The waterfront along Shilshole Avenue Northwest in Ballard is barely visible behind the old maritime industrial buildings and the dusty disused train tracks. It's more a waterback than a waterfront, and the little art den that's moved in on Shilshole is a back-of-house affair, too.

It's a windowless subterranean place with the energy of a beehive, if a beehive could be slightly goth.

On a recent Saturday, a bunch of people signed up to draw 12 pages of comics over 12 straight hours around a big table while members of the art collective ferried them coffee and snacks. They're working up to an event that will last for 24 hours.

Every month, there's an open critique. There are open life-drawing sessions. There's ladies' night. An annual indie-comic market.

A themed exhibition is always up on the walls—there's Come Hell or High School, say, or Beautiful Trash 2, or the current Backglass & Playfields, a pinball art show—but please do not call this a gallery.

"We're just Push/Pull," Maxx Follis said, giving a few reasons for the distinction.

One, Push/Pull is a collective, an LLC with seven artist members. They all teach, exhibit work, gallery watch, and contribute to Push/Pull's functioning. It's open every single day.

As an engine for art rather than strictly a showplace, Push/Pull also presents events all over the city. Lovely portrait illustrations of authors by Seattle's Christine Marie Larsen didn't seem to fit in the back-of-Ballard underground space, where there aren't any windows, so that if you want to show paintings of homicidal nuns or dragon orgies, the neighbors can't rightly complain.

In a joint production between Push/Pull and Seattle Review of Books, Larsen's work is up this month at Essentia, a memory foam mattress store in Belltown, where at the opening, Seattle writers read from their works and the store raffled off a free body pillow ("$489 value!").

"I'm trying to do an approach that makes art more accessible to everyone," said Follis.

Everybody in art says they want to be "accessible." Not everybody has an art center with studio space rentable by the hour, where art supplies are stocked, and where the middle of the room has that big, inviting table rather than empty space. I love white-cube galleries; Push/Pull is a different, also essential, creature in the art zoo. I'm not partial to much of the work I've seen on the walls, but Push/Pull has a good, special feel and function. (Plus, body pillows.)

Follis and cofounder Seth Goodkind first started Push/Pull within Echo Echo Gallery in Greenwood Collective. Echo Echo became more painting-focused. Follis's fundamental focus is drawing, and "to some people in the art community, that's not real art, that's a drawing," she discovered.

At other galleries, "there was this consumer art happening, with cartoon birds and stuff that was cheap and that the artists make hundreds of them a year," she said. She didn't want to become that kind of place, either. "I wanted a compromise where the artists get to make what they're passionate about, and where we treat illustrators and fine artists as the same thing instead of two totally different things."

Coincidentally, Seattle Art Museum this summer is doing some of Push/Pull's proselytizing work for it. The museum has its first-ever large-scale graphic arts exhibition. The show is more than 400 prints and drawings, from 18th-century English satires by Hogarth to R. Crumb's new Book of Genesis, seen in its mind-boggling entirety.

Throughout history, drawing has been used for making both discrete images and multi-picture stories. Thus Push/Pull is also a bookstore. Its indie-comics rack is a blooming tree of goodness. Sit and flip through on the plush couch by the fireplace.

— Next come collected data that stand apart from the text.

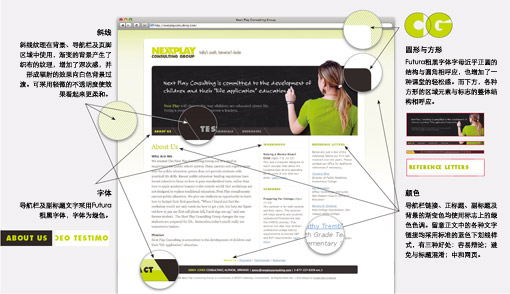 延續:我們已經將頁面的主要元素及框架弄好,是時候增加細節了。我們要借用一下標志來幫助考慮細節的問題。因為標志比網頁具有更持久的特性,我們要利用到標志的字體、顏色及其細節來設計網頁的其余部分。
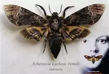 鬼脸天蛾,是鳞翅目天蛾科面形天蛾属动物。成虫翅展100~125毫米,体黑褐色;胸背有骷髅形斑纹;卵圆球形,直径约2毫米,淡黄绿色,表面光滑;老熟幼虫体长70~90毫米,蛹体长约56毫米;前翅为褐色,…全部>>
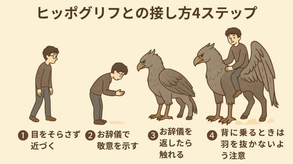 ヒッポグリフには簡単に触ることはできず適切なステップを踏まないといけません

Every weekday this summer, Push/Pull will host art classes for kids at the Ballard location. It's the first time they're trying the program. There will be printmaking, drawing from observation, figure drawing, collage, and comics.

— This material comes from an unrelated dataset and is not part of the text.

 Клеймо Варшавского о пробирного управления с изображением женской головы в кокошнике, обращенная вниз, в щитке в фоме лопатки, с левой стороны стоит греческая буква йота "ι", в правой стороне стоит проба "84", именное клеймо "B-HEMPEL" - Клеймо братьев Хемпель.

One afternoon earlier this month, a free teen comics workshop had just finished when I walked in to find a young teen who'd stayed after to talk to the teaching artist, who has wild hair and great big glasses.

She asked the team what kind of art he likes, and he froze up. Trying to let him off the hook, she started to change the subject when he insisted on trying to name a work of art. "I've always liked that one by Leonardo da Vinci—I can never remember the name." She didn't miss a beat. "Yeah," she started, elaborating on how hard it is to choose what kind of art you like, and they began a conversation that was probably the first good talk about art history this kid has ever had.

"We have generations growing up that don't understand that art is a profession and that it should be part of your everyday home and your life rather than something you just visit," Follis told me later by phone.

Push/Pull is in the basement of the restaurants and bars Ocho, Hotel Albatross, and Hazlewood, which front Market Street. Their businesspeople owners are also musicians and artists, good landlords for Push/Pull.

Before finding this place, Follis scoured Craigslist ads for months and wouldn't get calls back once she said she was an artist. She still looks at those other ads occasionally. They're still up. In the meantime, "We've paid our rent on time for six months straight," she said, so there.